------ Supplied material
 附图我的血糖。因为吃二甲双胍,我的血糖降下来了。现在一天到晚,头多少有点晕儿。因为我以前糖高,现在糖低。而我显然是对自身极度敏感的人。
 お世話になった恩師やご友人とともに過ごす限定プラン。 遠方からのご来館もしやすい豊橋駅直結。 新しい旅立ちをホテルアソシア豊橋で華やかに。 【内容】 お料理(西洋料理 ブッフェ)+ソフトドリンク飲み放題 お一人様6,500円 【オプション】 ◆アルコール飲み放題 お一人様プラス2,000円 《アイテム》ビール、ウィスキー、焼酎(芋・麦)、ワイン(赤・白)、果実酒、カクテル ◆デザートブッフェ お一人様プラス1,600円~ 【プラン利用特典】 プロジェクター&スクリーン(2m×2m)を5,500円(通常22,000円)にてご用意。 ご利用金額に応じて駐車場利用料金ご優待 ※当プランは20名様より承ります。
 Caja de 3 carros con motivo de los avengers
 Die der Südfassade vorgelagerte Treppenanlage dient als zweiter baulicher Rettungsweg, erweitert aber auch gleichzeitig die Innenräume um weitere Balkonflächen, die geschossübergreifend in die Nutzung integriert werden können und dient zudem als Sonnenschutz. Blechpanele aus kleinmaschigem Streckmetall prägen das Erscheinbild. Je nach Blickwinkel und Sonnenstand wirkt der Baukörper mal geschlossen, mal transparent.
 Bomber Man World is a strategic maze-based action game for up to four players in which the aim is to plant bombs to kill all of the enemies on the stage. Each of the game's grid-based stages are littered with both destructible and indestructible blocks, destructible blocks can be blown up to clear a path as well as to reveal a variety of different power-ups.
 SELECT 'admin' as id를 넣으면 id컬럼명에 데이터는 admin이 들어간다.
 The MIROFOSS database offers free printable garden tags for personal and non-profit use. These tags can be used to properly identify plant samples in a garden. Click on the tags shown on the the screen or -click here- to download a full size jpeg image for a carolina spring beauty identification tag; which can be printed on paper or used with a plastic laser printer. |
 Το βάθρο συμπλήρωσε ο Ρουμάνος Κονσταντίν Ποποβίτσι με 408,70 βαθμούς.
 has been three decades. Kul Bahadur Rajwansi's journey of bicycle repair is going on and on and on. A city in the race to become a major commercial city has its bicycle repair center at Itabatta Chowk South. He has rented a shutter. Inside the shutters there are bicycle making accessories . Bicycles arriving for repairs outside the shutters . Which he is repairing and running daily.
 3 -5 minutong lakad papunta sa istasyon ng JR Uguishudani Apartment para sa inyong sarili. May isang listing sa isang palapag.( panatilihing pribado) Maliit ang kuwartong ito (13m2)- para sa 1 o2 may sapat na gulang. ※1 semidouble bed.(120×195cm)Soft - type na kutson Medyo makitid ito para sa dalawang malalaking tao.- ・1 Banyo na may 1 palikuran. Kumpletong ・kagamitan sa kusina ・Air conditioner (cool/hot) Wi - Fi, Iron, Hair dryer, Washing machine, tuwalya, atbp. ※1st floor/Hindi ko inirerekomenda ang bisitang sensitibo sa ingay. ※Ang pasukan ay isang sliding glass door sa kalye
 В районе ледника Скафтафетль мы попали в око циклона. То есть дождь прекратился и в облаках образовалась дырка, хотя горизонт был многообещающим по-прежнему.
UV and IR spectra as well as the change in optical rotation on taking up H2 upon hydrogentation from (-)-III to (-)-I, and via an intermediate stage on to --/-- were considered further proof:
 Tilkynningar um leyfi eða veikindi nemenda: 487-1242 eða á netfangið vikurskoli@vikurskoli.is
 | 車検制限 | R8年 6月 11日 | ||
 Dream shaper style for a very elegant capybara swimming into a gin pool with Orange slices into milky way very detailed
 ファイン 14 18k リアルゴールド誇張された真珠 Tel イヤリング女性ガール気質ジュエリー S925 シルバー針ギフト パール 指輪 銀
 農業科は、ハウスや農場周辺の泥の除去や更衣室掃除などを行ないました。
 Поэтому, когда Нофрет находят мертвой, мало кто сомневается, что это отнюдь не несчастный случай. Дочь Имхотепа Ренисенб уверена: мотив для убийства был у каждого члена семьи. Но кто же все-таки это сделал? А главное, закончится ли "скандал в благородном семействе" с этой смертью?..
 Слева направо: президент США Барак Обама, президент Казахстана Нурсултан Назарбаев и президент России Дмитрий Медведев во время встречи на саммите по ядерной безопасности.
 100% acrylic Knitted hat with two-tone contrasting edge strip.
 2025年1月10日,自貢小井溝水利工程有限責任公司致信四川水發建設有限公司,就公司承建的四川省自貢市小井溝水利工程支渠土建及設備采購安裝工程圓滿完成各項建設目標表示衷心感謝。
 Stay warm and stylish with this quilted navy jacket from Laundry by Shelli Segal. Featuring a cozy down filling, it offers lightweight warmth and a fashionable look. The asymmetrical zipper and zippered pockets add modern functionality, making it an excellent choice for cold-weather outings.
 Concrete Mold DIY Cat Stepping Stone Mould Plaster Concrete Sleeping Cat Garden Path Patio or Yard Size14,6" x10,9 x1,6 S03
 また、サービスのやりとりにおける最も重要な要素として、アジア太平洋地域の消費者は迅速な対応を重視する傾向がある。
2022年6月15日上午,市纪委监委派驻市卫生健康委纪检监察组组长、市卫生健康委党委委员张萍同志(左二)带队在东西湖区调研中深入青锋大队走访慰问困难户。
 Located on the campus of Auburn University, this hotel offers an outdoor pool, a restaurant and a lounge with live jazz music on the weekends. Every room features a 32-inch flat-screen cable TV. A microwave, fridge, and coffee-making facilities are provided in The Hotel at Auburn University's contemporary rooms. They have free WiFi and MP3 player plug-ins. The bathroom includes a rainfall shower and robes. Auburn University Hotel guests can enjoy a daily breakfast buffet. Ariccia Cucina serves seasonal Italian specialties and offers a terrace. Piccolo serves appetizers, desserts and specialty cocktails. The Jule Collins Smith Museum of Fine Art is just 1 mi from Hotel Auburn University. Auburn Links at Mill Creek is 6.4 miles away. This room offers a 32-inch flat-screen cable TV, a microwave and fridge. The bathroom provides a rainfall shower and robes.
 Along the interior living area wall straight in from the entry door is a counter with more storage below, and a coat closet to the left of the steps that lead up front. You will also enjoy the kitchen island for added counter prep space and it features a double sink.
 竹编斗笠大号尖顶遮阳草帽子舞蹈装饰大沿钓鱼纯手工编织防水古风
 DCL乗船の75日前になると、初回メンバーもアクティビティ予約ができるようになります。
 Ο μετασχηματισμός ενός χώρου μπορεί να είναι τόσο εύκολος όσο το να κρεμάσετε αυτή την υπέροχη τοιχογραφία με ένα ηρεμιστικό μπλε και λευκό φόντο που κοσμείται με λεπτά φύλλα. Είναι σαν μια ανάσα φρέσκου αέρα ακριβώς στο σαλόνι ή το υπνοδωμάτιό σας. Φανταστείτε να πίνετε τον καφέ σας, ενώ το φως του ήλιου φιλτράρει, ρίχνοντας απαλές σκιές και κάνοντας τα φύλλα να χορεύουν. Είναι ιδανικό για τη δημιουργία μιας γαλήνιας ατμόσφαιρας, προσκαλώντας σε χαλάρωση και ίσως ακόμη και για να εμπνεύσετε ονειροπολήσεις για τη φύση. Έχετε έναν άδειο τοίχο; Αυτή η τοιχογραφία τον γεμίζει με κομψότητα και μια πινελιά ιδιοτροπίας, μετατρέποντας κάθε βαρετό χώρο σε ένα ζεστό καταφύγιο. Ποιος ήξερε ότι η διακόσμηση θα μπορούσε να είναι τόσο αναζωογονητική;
------------
What is required: Above are some lines. Repeat exactly, and only, those from the line that has "Located on the" through the line that has "DCL乗船の75日前になると".

Answer box:
 Located on the campus of Auburn University, this hotel offers an outdoor pool, a restaurant and a lounge with live jazz music on the weekends. Every room features a 32-inch flat-screen cable TV. A microwave, fridge, and coffee-making facilities are provided in The Hotel at Auburn University's contemporary rooms. They have free WiFi and MP3 player plug-ins. The bathroom includes a rainfall shower and robes. Auburn University Hotel guests can enjoy a daily breakfast buffet. Ariccia Cucina serves seasonal Italian specialties and offers a terrace. Piccolo serves appetizers, desserts and specialty cocktails. The Jule Collins Smith Museum of Fine Art is just 1 mi from Hotel Auburn University. Auburn Links at Mill Creek is 6.4 miles away. This room offers a 32-inch flat-screen cable TV, a microwave and fridge. The bathroom provides a rainfall shower and robes.
 Along the interior living area wall straight in from the entry door is a counter with more storage below, and a coat closet to the left of the steps that lead up front. You will also enjoy the kitchen island for added counter prep space and it features a double sink.
 竹编斗笠大号尖顶遮阳草帽子舞蹈装饰大沿钓鱼纯手工编织防水古风
 DCL乗船の75日前になると、初回メンバーもアクティビティ予約ができるようになります。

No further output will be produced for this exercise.